Trying to make sense of something tragic (we're but puny beings)

Been re-reading Jonathan Safran Foer's Extremely Loud and Incredibly Close. The story just breaks my heart into tiny little pieces. I feel for Oskar, who is trying to make sense of having lost his dad in the 9/11 tragedy. How do you get over losing someone as great as your own father? How does a super smart 9-year-old atheist cope with the senselessness of the event, as he believes things don't have a reason? How do you cope; how do you even replace the void? 

Safran Foer's way of narrating is reason enough to pick up the book. He doesn't go into melodrama territory. He uses cool visual devices (yes, this is not a novel without pictures). While Extremely Loud and Incredibly Close tackled a very serious and touchy event, humor and dry wit were always present in his paragraphs and dialogues, pinching your heart all the more and making you just about ready to cry buckets. I love that Oskar wasn't just a plainly sappy or a very very angry character. That's how it is in real-life, right? When tragedy strikes, we intersperse the funny with the sad. 
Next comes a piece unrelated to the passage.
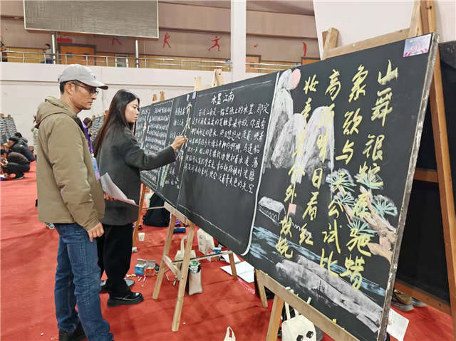 书写见真功,赛场展风采。比赛现场,老师们沉心静气,自信从容,挥毫泼墨,行云流水。他们聚精会神,精心构图,一笔一划,用心书写,展示着扎实的教学基本功和精湛的书写技艺。

Some of my favorite moments from the first two chapters:  
  • The teakettle and wanting to train his anus to talk when he farted so that it can say, "Wasn't me!"
  • That paragraph about his first jujitsu class, which was also his last because he refused to ruin the jujitsu master's privates.
  • From the last time Oskar was tucked in bed by his father,
"Dad?" "Yeah?" "Could you tell me a story?" "Sure." "A good one?" "As opposed to all the boring ones I tell." "Right." I tucked my body incredibly close into his, so my nose pushed into his armpit. "And you won't interrupt me?" "I'll try not to." "Because it makes it hard to tell a story." "And it's annoying." "And it's annoying."   
The moment before he started was my favorite moment.      
  • From Thomas's letter to his unborn child where he described meeting his would-be wife, also their first "conversation":
She was extending a hand that I didn't know how to take, so I broke its fingers with my silence, she said, "You don't want to talk to me, do you?" I took my daybook out of my knapsack and found the next blank page, the second to last. "I don't speak," I wrote. "I'm sorry." She looked at the piece of paper, then at me, then back at the piece of paper, she covered her eyes with her hands and cried, tears seeped between her fingers and collected in the little webs, she cried and cried and cried, there weren't any napkins nearby, so I ripped the page from the book - "I don't speak. I'm sorry." -- and used it to dry her cheeks, my explanation and apology ran down her face like mascara, she took my pen and wrote on the next blank page of my daybook, the final one:     
*Highlights, mine. Found this imagery beautiful, but then again I'm just a sucker for puns, visual and verbal ones. :) 
In the aftermath of the recent bombing and shootings in Norway: we weep for those more than 80 innocent people who lost their lives for something senseless. I couldn't even begin to imagine what the parents of those kids must be going through right now; how Norway is suffering and trying to move past those tragedies. Where 9/11 was committed in the name of Islamic extremism, these two recent attacks were done by a man believed to be a right-winger "Christian." We see that, really, it doesn't matter what religion one practices or not practice, what beliefs one has or doesn't have. Violence is but a by-product of hate. Tragic events like the 9/11 happen when people insist on insisting. What's even more sad and disappointing (stupid, really) is when these instances of insistence are reinforced by supposedly intelligent people.